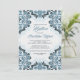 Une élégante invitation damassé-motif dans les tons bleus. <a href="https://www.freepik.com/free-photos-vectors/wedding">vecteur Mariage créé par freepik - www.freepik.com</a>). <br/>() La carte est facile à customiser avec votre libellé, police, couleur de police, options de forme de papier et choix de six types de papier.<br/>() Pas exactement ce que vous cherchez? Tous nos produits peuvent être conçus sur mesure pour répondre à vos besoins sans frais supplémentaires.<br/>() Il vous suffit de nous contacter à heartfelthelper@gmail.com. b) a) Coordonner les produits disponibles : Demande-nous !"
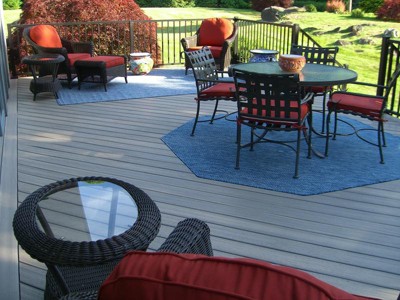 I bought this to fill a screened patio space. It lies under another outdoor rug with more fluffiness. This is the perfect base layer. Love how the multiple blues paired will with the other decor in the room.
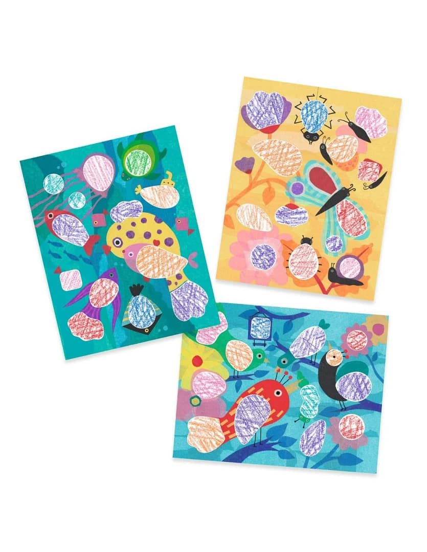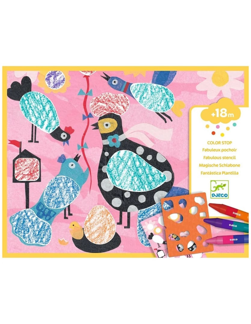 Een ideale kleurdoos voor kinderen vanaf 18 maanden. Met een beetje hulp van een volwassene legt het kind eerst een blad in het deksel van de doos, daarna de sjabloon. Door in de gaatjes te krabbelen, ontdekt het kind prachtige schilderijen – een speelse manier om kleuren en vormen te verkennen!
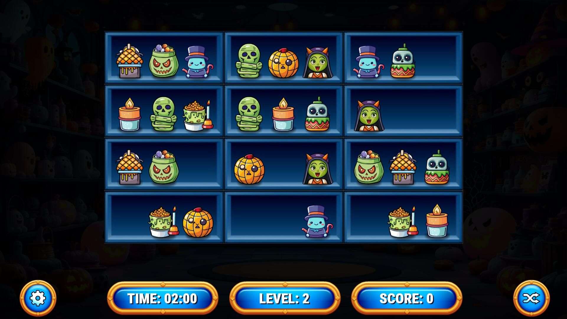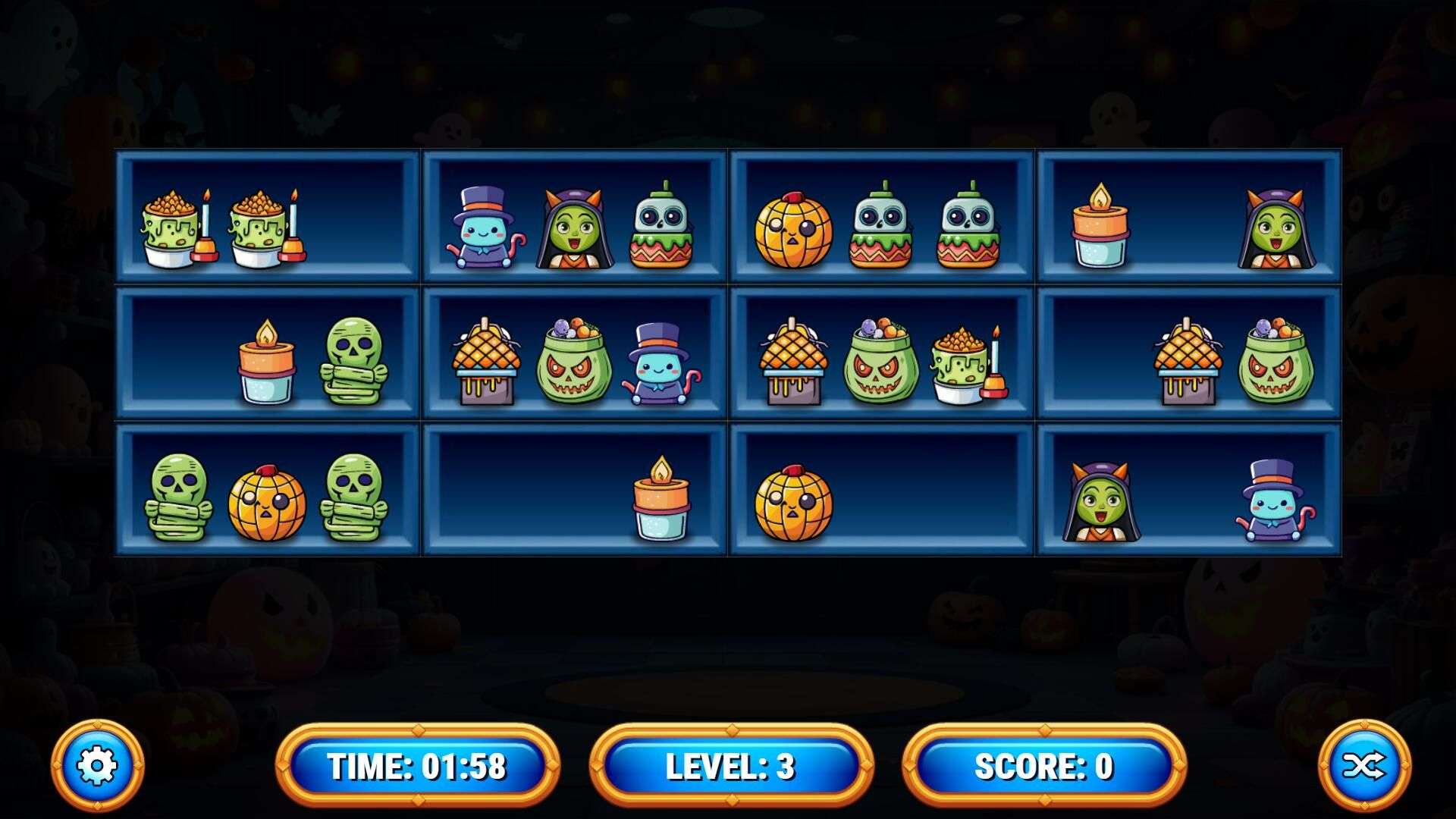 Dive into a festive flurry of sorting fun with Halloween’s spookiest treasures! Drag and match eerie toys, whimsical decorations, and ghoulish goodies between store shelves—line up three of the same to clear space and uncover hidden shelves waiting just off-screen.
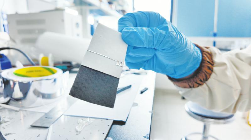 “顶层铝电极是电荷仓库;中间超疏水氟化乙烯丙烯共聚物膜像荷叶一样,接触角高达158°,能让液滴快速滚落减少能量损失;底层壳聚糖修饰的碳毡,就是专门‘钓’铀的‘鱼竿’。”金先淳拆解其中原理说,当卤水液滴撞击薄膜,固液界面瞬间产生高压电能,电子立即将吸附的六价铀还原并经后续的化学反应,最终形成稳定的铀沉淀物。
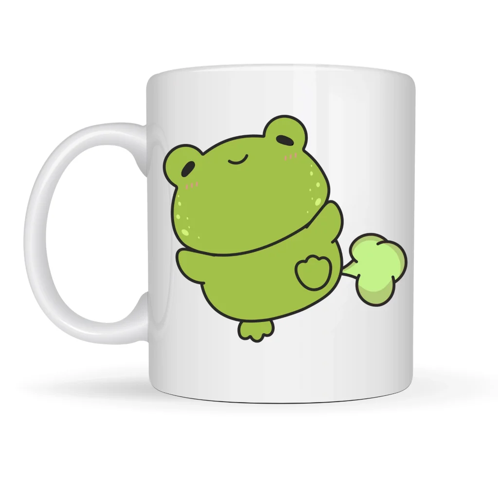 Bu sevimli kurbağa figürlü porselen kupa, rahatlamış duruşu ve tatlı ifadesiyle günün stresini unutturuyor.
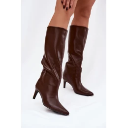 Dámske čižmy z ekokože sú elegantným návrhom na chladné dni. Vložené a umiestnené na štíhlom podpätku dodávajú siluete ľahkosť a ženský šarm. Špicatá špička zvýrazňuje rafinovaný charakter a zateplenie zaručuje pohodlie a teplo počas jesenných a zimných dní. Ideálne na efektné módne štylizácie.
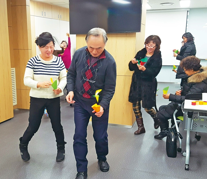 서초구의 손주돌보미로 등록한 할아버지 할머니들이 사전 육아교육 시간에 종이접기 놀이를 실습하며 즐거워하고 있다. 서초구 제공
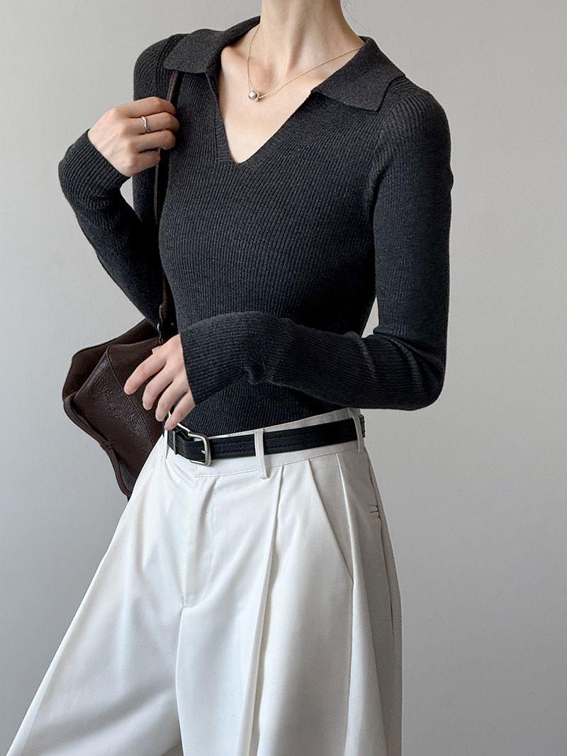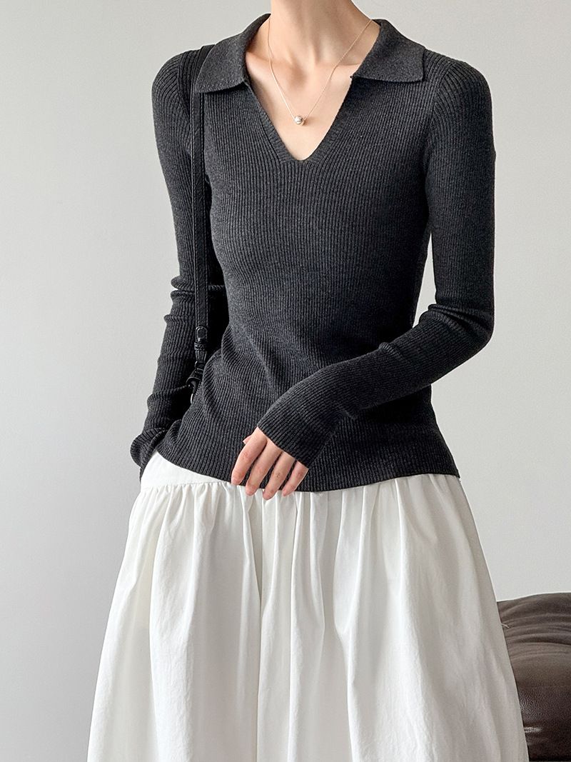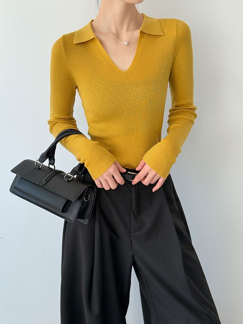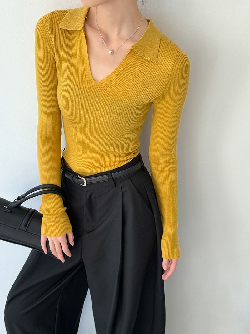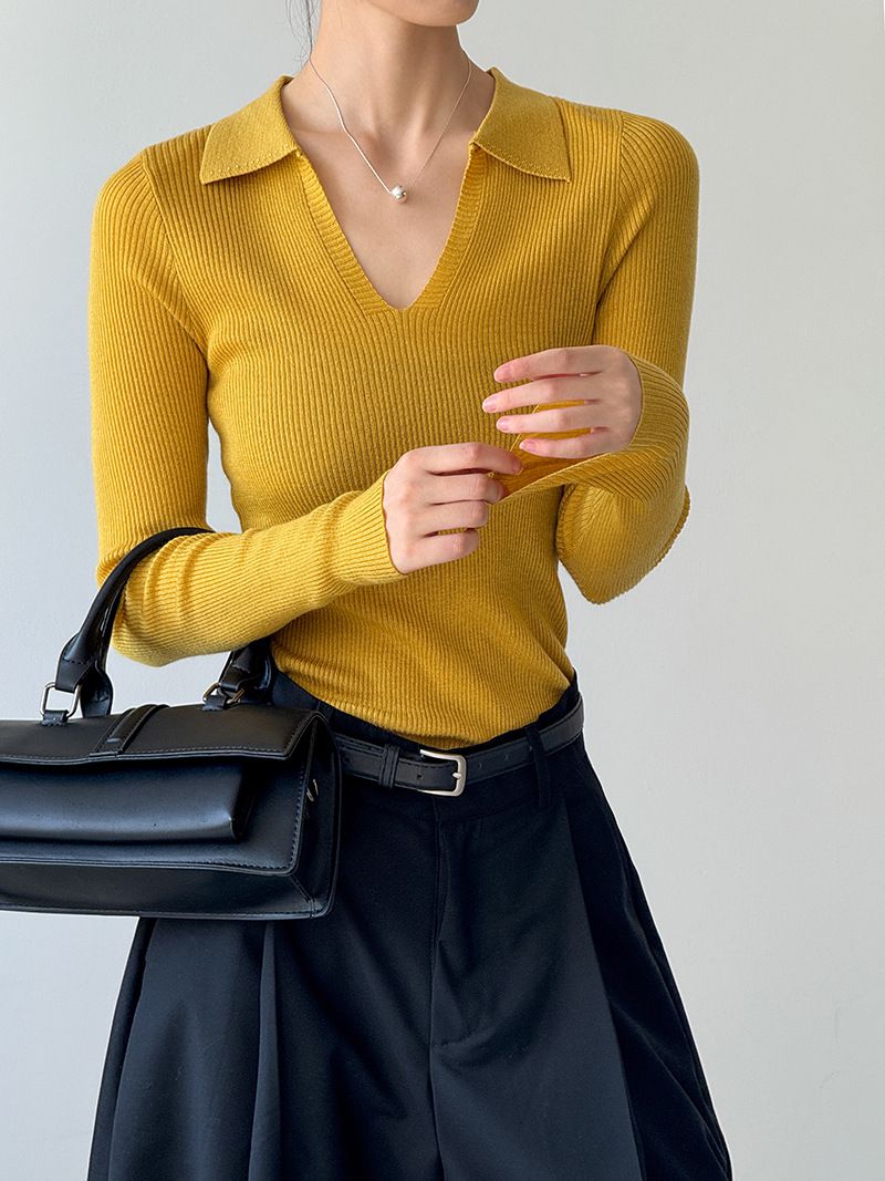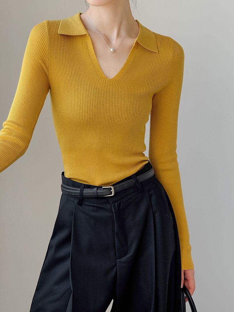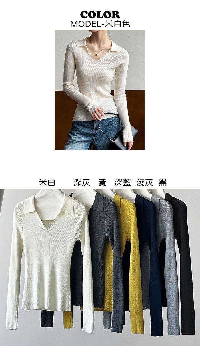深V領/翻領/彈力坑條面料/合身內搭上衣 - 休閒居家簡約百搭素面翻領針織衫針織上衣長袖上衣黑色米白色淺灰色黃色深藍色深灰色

################

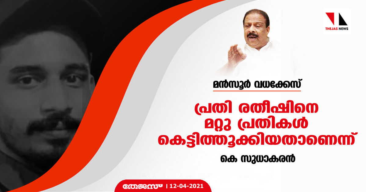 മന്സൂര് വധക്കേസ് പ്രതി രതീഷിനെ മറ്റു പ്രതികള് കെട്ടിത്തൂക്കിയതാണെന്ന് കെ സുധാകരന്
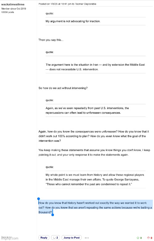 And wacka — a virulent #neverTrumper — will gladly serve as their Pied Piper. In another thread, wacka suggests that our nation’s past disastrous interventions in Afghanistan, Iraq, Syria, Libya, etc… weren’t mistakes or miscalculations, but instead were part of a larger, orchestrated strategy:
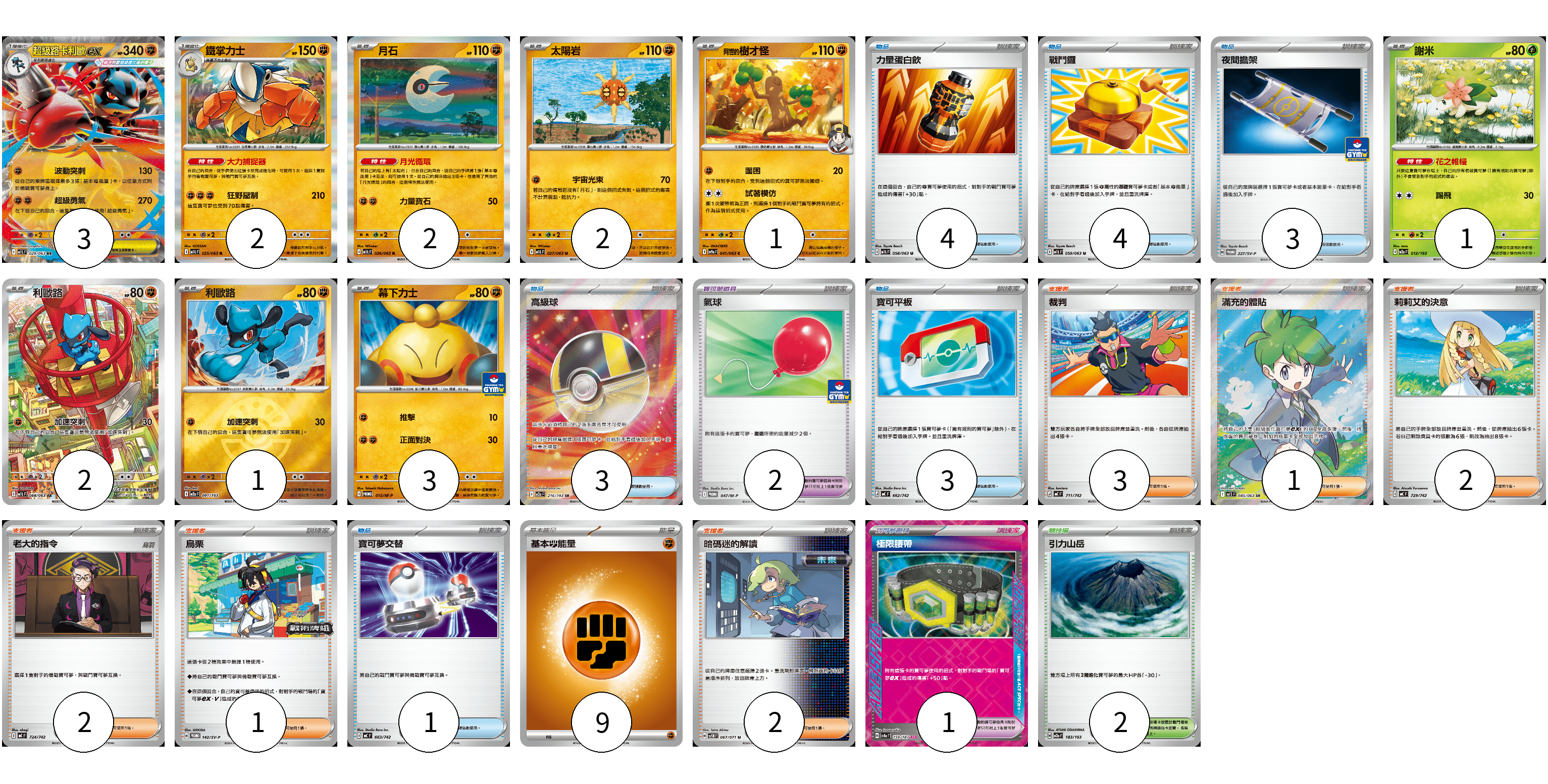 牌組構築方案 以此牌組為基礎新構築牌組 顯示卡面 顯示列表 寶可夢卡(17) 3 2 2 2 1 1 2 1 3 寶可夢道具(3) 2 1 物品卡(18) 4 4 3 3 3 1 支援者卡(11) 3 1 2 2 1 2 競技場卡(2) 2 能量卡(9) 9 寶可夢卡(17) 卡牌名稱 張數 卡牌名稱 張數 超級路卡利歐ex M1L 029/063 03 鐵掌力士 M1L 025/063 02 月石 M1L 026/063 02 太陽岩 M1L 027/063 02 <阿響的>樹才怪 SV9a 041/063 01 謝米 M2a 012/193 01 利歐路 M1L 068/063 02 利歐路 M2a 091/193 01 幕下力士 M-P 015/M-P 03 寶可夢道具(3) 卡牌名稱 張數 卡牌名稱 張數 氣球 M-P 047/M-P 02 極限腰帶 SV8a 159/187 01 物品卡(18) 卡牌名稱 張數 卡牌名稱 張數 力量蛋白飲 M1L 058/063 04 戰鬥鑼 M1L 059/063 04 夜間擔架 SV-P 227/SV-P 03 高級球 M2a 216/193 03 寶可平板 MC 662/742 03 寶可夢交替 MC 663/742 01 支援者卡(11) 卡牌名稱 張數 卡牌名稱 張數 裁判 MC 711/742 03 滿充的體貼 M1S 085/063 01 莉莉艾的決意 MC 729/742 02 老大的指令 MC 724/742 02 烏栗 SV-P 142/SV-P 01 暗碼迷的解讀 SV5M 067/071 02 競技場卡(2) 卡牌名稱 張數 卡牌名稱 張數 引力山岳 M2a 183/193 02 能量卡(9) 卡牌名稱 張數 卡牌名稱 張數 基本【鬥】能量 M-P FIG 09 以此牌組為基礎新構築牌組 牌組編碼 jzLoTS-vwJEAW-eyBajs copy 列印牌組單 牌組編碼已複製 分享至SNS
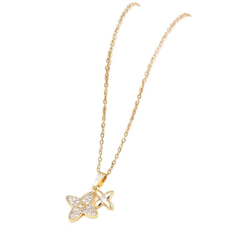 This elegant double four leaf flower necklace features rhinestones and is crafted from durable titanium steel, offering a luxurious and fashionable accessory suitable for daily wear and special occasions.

################

WHAT THE EXERCISE ASKS
Copy exactly the material above from the line with "Une élégante invitation" to the line with "深V領/翻領/彈力坑條面料/合身內搭上衣 - 休閒居家簡約百搭素面翻領針織衫針織上衣長袖上衣黑色米白色淺灰色黃色深藍色深灰色", ends included, and nothing else. Leave out any picture.

PROBLEM SOLUTION
 Une élégante invitation damassé-motif dans les tons bleus. <a href="https://www.freepik.com/free-photos-vectors/wedding">vecteur Mariage créé par freepik - www.freepik.com</a>). <br/>() La carte est facile à customiser avec votre libellé, police, couleur de police, options de forme de papier et choix de six types de papier.<br/>() Pas exactement ce que vous cherchez? Tous nos produits peuvent être conçus sur mesure pour répondre à vos besoins sans frais supplémentaires.<br/>() Il vous suffit de nous contacter à heartfelthelper@gmail.com. b) a) Coordonner les produits disponibles : Demande-nous !"
 I bought this to fill a screened patio space. It lies under another outdoor rug with more fluffiness. This is the perfect base layer. Love how the multiple blues paired will with the other decor in the room.
 Een ideale kleurdoos voor kinderen vanaf 18 maanden. Met een beetje hulp van een volwassene legt het kind eerst een blad in het deksel van de doos, daarna de sjabloon. Door in de gaatjes te krabbelen, ontdekt het kind prachtige schilderijen – een speelse manier om kleuren en vormen te verkennen!
 Dive into a festive flurry of sorting fun with Halloween’s spookiest treasures! Drag and match eerie toys, whimsical decorations, and ghoulish goodies between store shelves—line up three of the same to clear space and uncover hidden shelves waiting just off-screen.
 “顶层铝电极是电荷仓库;中间超疏水氟化乙烯丙烯共聚物膜像荷叶一样,接触角高达158°,能让液滴快速滚落减少能量损失;底层壳聚糖修饰的碳毡,就是专门‘钓’铀的‘鱼竿’。”金先淳拆解其中原理说,当卤水液滴撞击薄膜,固液界面瞬间产生高压电能,电子立即将吸附的六价铀还原并经后续的化学反应,最终形成稳定的铀沉淀物。
 Bu sevimli kurbağa figürlü porselen kupa, rahatlamış duruşu ve tatlı ifadesiyle günün stresini unutturuyor.
 Dámske čižmy z ekokože sú elegantným návrhom na chladné dni. Vložené a umiestnené na štíhlom podpätku dodávajú siluete ľahkosť a ženský šarm. Špicatá špička zvýrazňuje rafinovaný charakter a zateplenie zaručuje pohodlie a teplo počas jesenných a zimných dní. Ideálne na efektné módne štylizácie.
 서초구의 손주돌보미로 등록한 할아버지 할머니들이 사전 육아교육 시간에 종이접기 놀이를 실습하며 즐거워하고 있다. 서초구 제공
深V領/翻領/彈力坑條面料/合身內搭上衣 - 休閒居家簡約百搭素面翻領針織衫針織上衣長袖上衣黑色米白色淺灰色黃色深藍色深灰色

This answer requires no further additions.